We have placed our depots and service centres at the heart of DX and have devolved accountability to our general and regional managers, giving them greater authority over, and responsibility for, their operations. This approach underpins our initiatives to improve sales, customer service processes and operations.
The turnaround of the Group’s performance is an incremental process. We have achieved Phase 1 of our plan in returning to profitability and we intend to progress steadily and sensibly, with further measures to be implemented in line with our overall plan to further rebuild profitability and restore margins.
Further details of our turnaround plan can be found in our announcement dated 29 March, 2018.
Principle 2: Seek to understand and meet shareholder expectations
DX places a great deal of importance on communication with all shareholders. There is regular dialogue with individual institutional shareholders throughout the year and formal presentations after the interim and preliminary results. The Chairman, Chief Executive Officer and the Chief Financial Officer are primarily responsible for maintaining dialogue with shareholders, supported by the Company’s broker and financial PR advisers.
The Board encourages dialogue between the Directors and investors and the Directors are available at each AGM to hear the views of all shareholders and to answer any questions about the business generally and about the resolutions proposed.
The principal methods of communication with private investors remain the Annual Report and Accounts, the interim statements and this website. This website is viewed as an efficient and cost-effective way to communicate widely with all shareholders and DX’s financial reports, publications and press releases can be viewed here together with corporate governance information, key dates in the financial year, and news about DX, its services and issues affecting the industry.

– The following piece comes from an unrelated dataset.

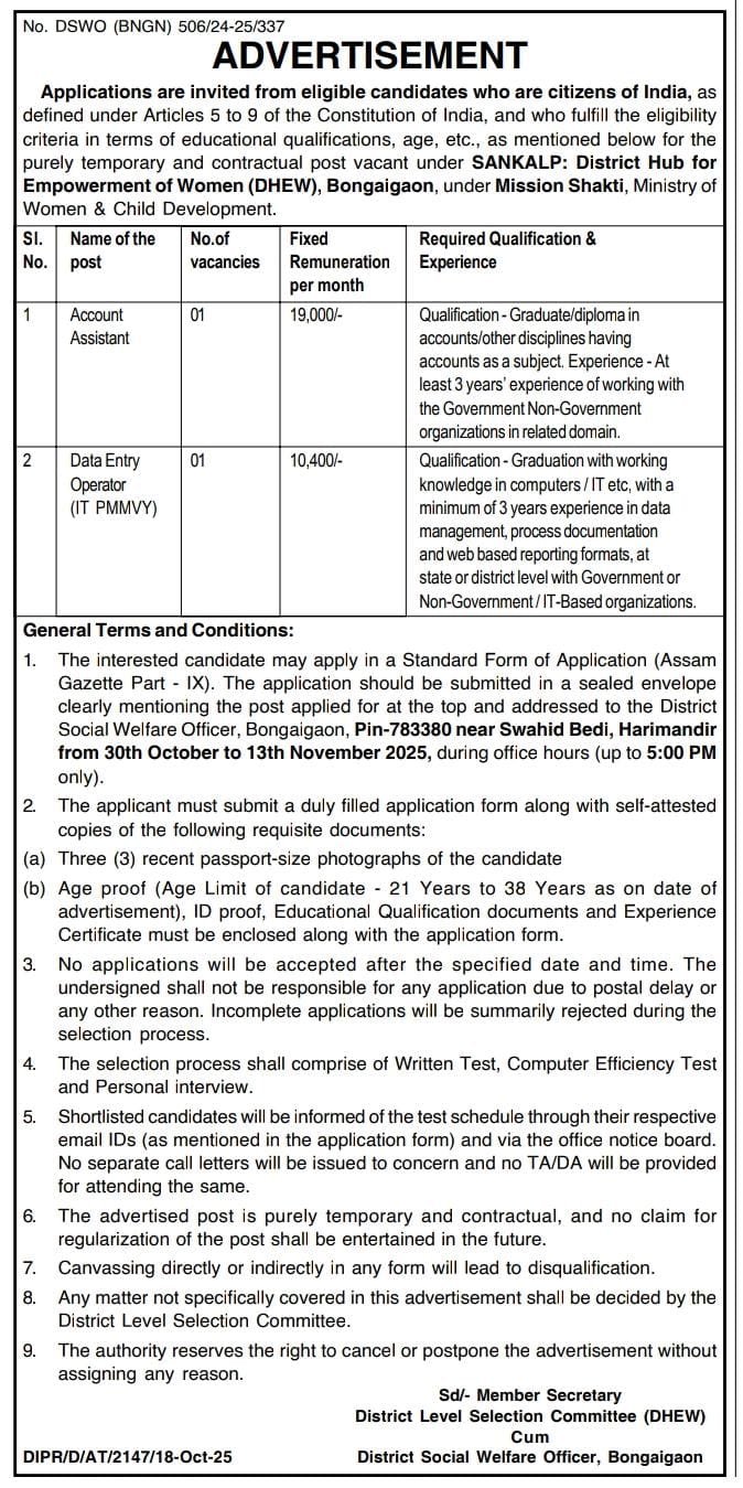 District Hub for Empowerment of Women (DHEW), Bongaigaon has announced recruitment for 2 contractual posts under Mission Shakti. Apply offline before 13th November 2025.

The Board also receives shareholder feedback from finnCap (DX’s Nominated Adviser and Broker) during the course of the year which is reviewed and incorporated when structuring future announcements and investor presentations.
If you have any investor queries please contact Ronald Series, Chairman, or David Mulligan, CFO, on firstname.lastname@example.org
Principle 3: Take into account wider stakeholder and social responsibilities and their implications for long-term success
Our Corporate Social Responsibility statement can be found here.

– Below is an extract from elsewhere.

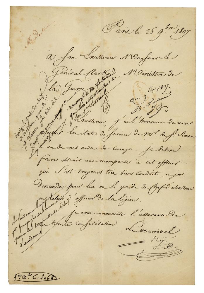 French soldier and military commander during the French Revolutionary Wars and the Napoleonic Wars (1769-1815) who was one of the original 18 Marshals of France created by Napoleon; he commanded the Old Guard at Waterloo but was tried and condemned for treason by the Chamber of Peers and executed. LS in French, signed “Ney,” one page, 8 x 12, November 25, 1807. Untranslated letter to Minister of War Henri Jacques Guillaume Clarke, signed at the conclusion by Marshal Ney. In fine condition.

Principle 4: Embed effective risk management, considering both opportunities and threats, throughout the organisation
DX has in place a system of internal financial controls commensurate with its current size and activities.
The Board has overall responsibility for DX’s system of internal control to safeguard the Company’s assets and shareholders’ investments. The risk management process and systems of internal controls are designed to identify the main risks that the Group is exposed to, and ensure that appropriate policies and procedures are in place to minimise these risks to the Group, including the establishment of appropriate business continuity planning arrangements. The Company maintains a risk management register which is reviewed and discussed every six months with the Operating Board and the Chairman of the Audit & Risk Committee.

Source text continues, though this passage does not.